* [RECORD EXCERPTS]
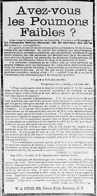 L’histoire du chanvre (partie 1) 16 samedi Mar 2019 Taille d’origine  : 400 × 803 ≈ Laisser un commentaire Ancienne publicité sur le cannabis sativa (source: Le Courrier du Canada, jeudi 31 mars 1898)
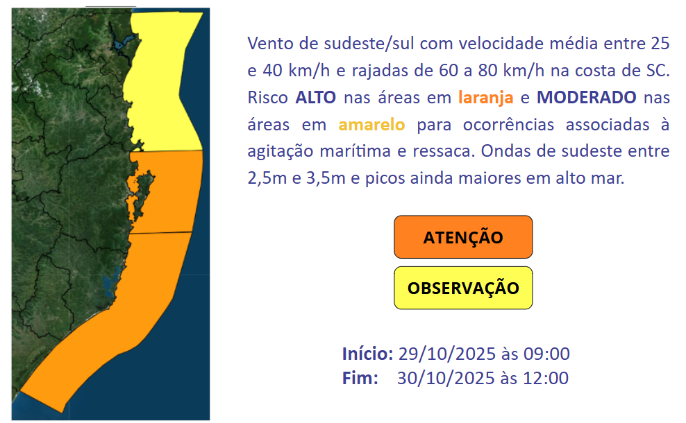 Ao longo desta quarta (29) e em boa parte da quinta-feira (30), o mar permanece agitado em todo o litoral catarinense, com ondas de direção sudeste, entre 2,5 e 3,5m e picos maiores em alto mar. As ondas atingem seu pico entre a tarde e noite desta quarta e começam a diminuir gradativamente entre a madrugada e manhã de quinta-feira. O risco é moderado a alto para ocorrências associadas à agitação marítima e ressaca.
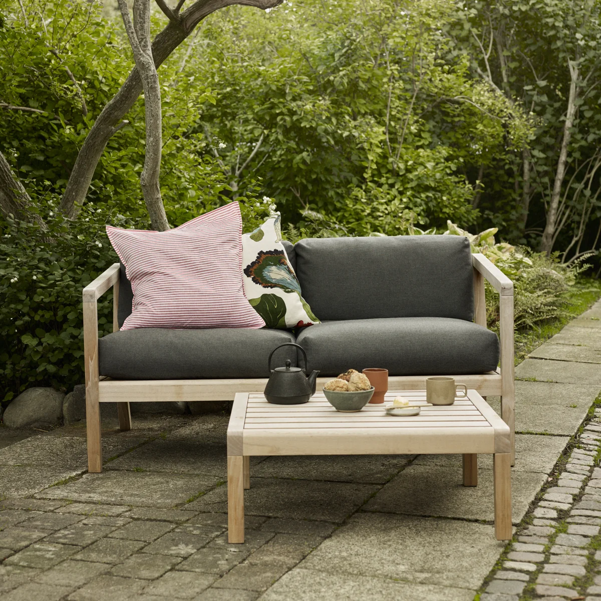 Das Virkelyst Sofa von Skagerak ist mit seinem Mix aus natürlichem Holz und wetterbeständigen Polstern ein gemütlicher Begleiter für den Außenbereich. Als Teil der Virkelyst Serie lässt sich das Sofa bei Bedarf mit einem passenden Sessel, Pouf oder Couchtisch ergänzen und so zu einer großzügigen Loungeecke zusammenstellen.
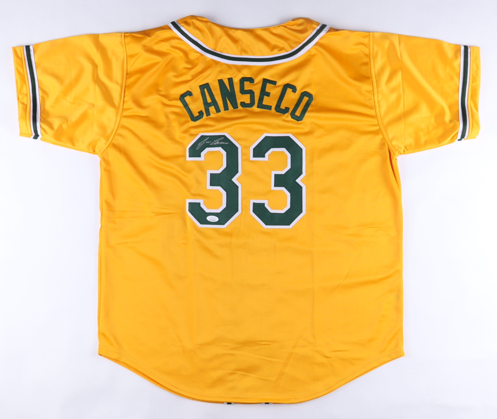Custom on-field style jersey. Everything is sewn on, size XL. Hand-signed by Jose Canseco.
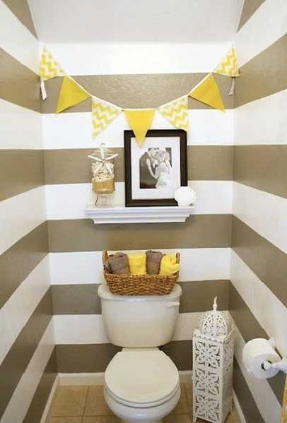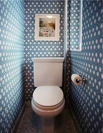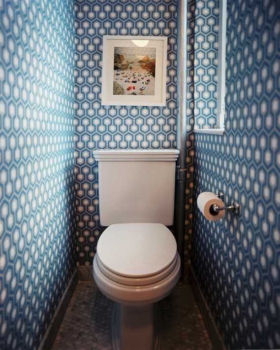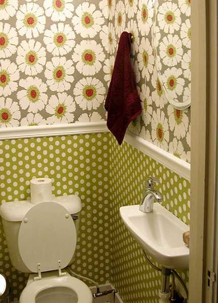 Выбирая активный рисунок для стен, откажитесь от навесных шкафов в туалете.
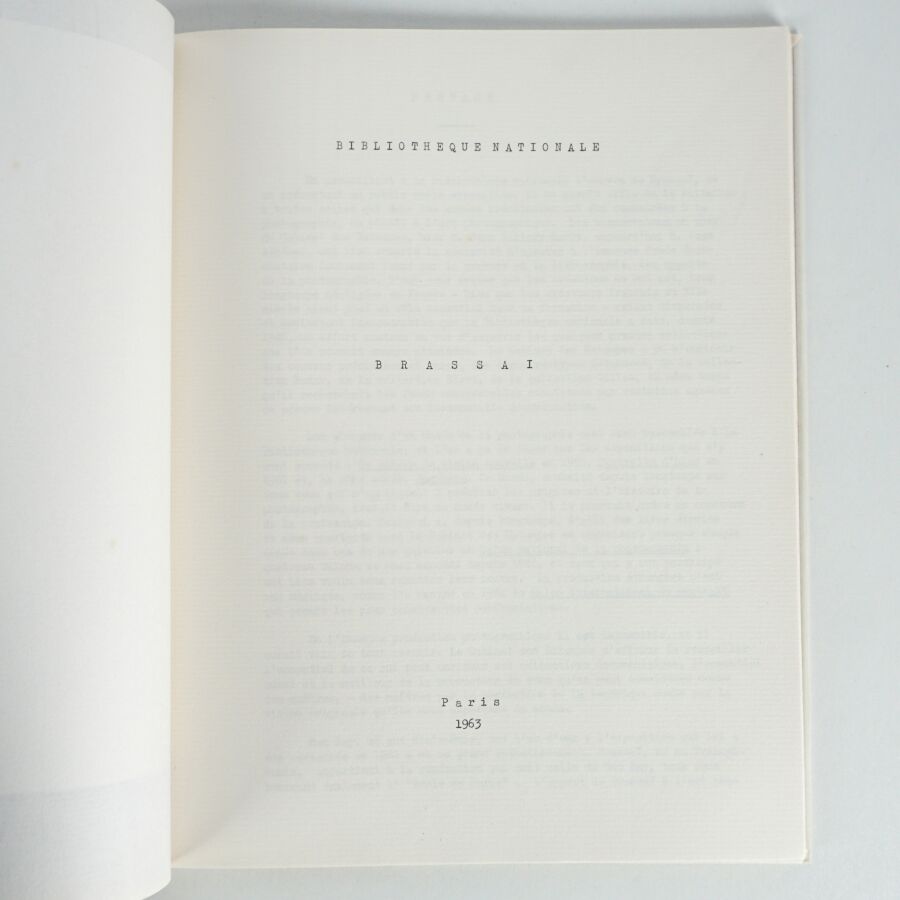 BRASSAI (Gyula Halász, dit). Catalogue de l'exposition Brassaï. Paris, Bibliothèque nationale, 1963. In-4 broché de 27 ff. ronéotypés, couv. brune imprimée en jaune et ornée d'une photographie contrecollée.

* * *

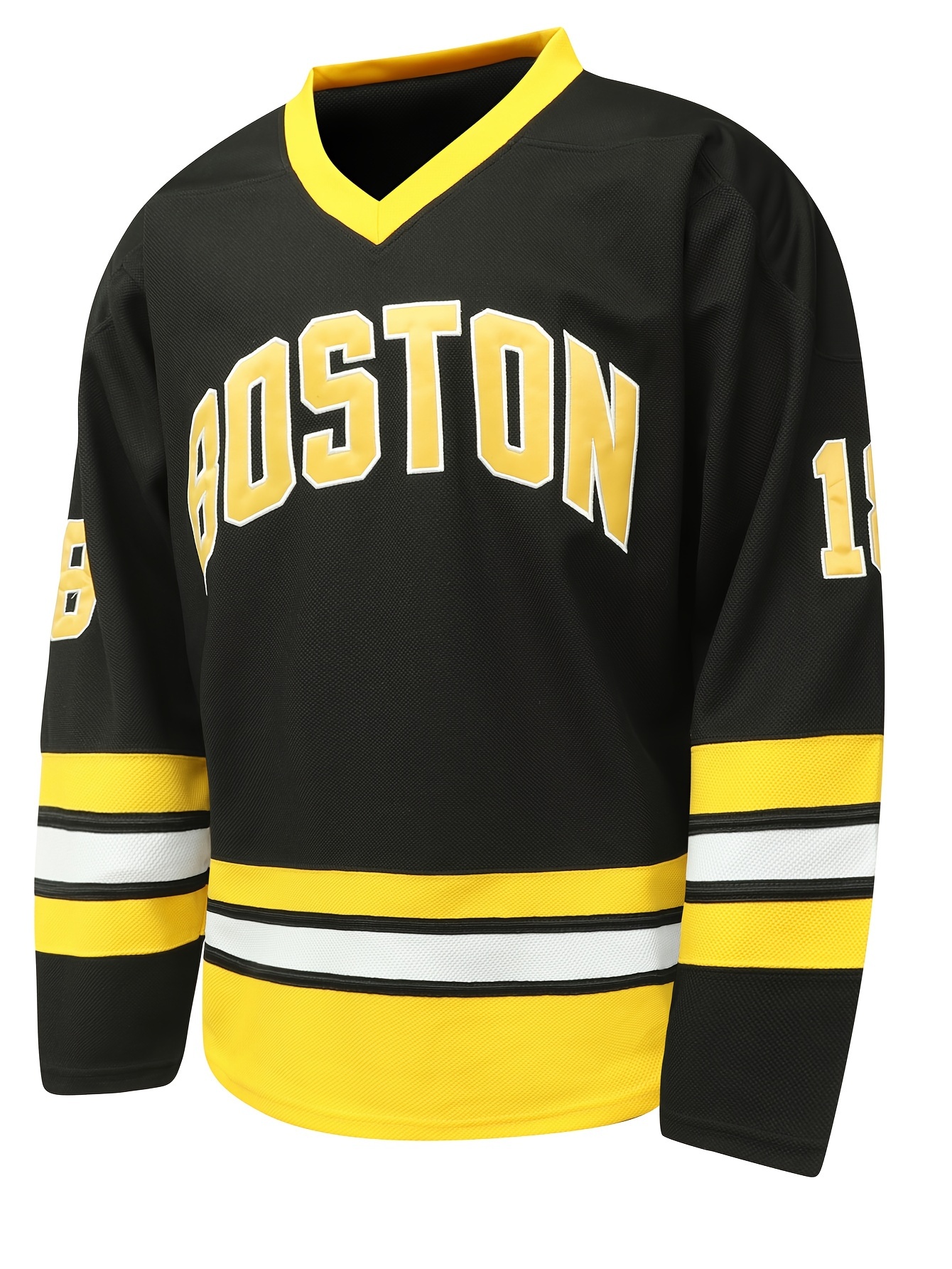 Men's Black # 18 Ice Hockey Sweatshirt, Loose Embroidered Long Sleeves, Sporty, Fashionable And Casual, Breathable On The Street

==

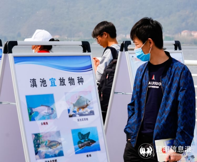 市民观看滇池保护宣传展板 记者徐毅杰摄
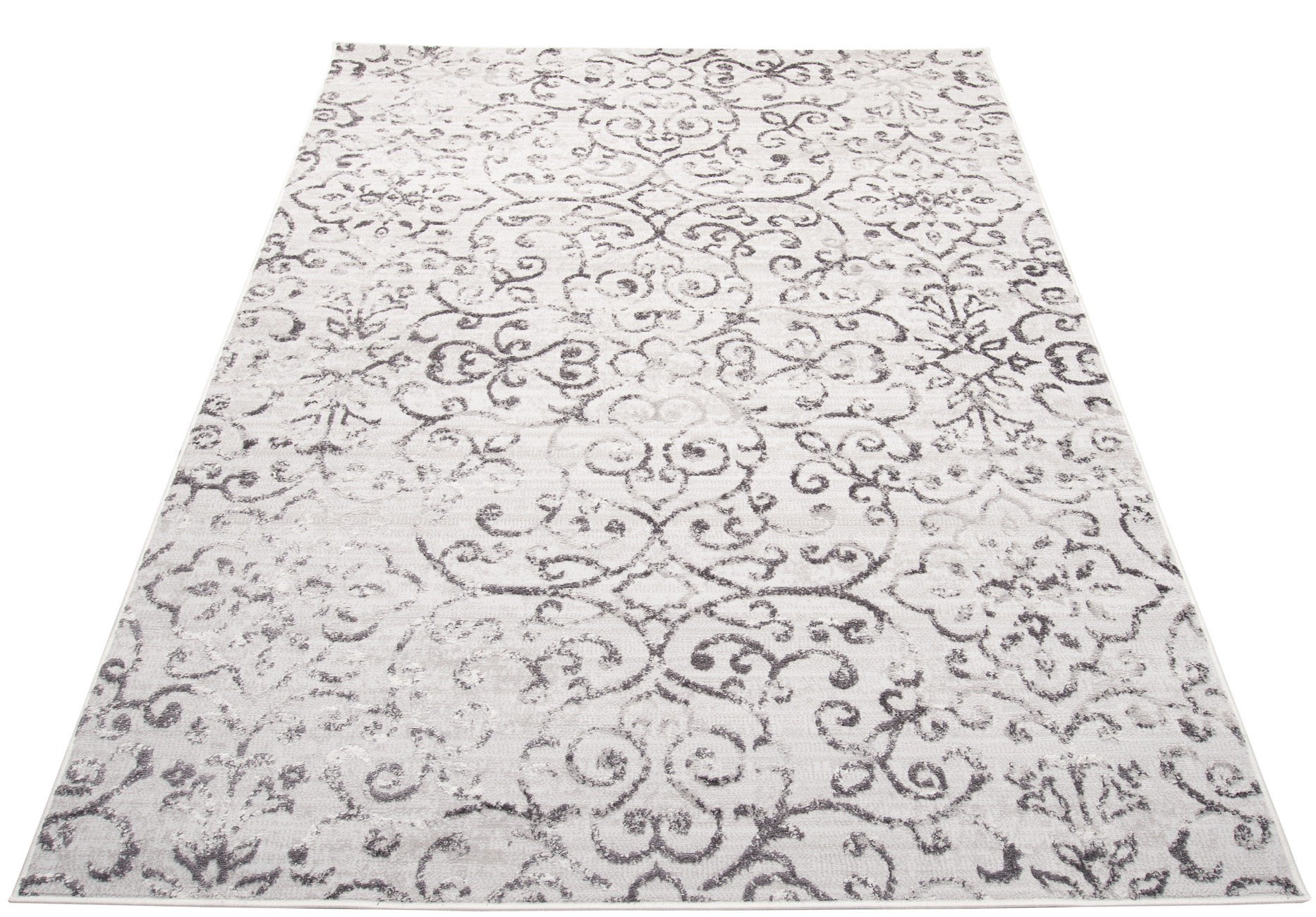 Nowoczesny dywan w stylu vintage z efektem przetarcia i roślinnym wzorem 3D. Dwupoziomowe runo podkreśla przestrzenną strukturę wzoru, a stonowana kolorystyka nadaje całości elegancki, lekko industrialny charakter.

* [TASK ITEM] Start at the line above containing "Das Virkelyst Sofa" and stop at the line containing "BRASSAI (Gyula Halász, dit).": print those lines and everything between them exactly, but not the pictures.

* [WRITTEN RESPONSE]
 Das Virkelyst Sofa von Skagerak ist mit seinem Mix aus natürlichem Holz und wetterbeständigen Polstern ein gemütlicher Begleiter für den Außenbereich. Als Teil der Virkelyst Serie lässt sich das Sofa bei Bedarf mit einem passenden Sessel, Pouf oder Couchtisch ergänzen und so zu einer großzügigen Loungeecke zusammenstellen.
Custom on-field style jersey. Everything is sewn on, size XL. Hand-signed by Jose Canseco.
 Выбирая активный рисунок для стен, откажитесь от навесных шкафов в туалете.
 BRASSAI (Gyula Halász, dit). Catalogue de l'exposition Brassaï. Paris, Bibliothèque nationale, 1963. In-4 broché de 27 ff. ronéotypés, couv. brune imprimée en jaune et ornée d'une photographie contrecollée.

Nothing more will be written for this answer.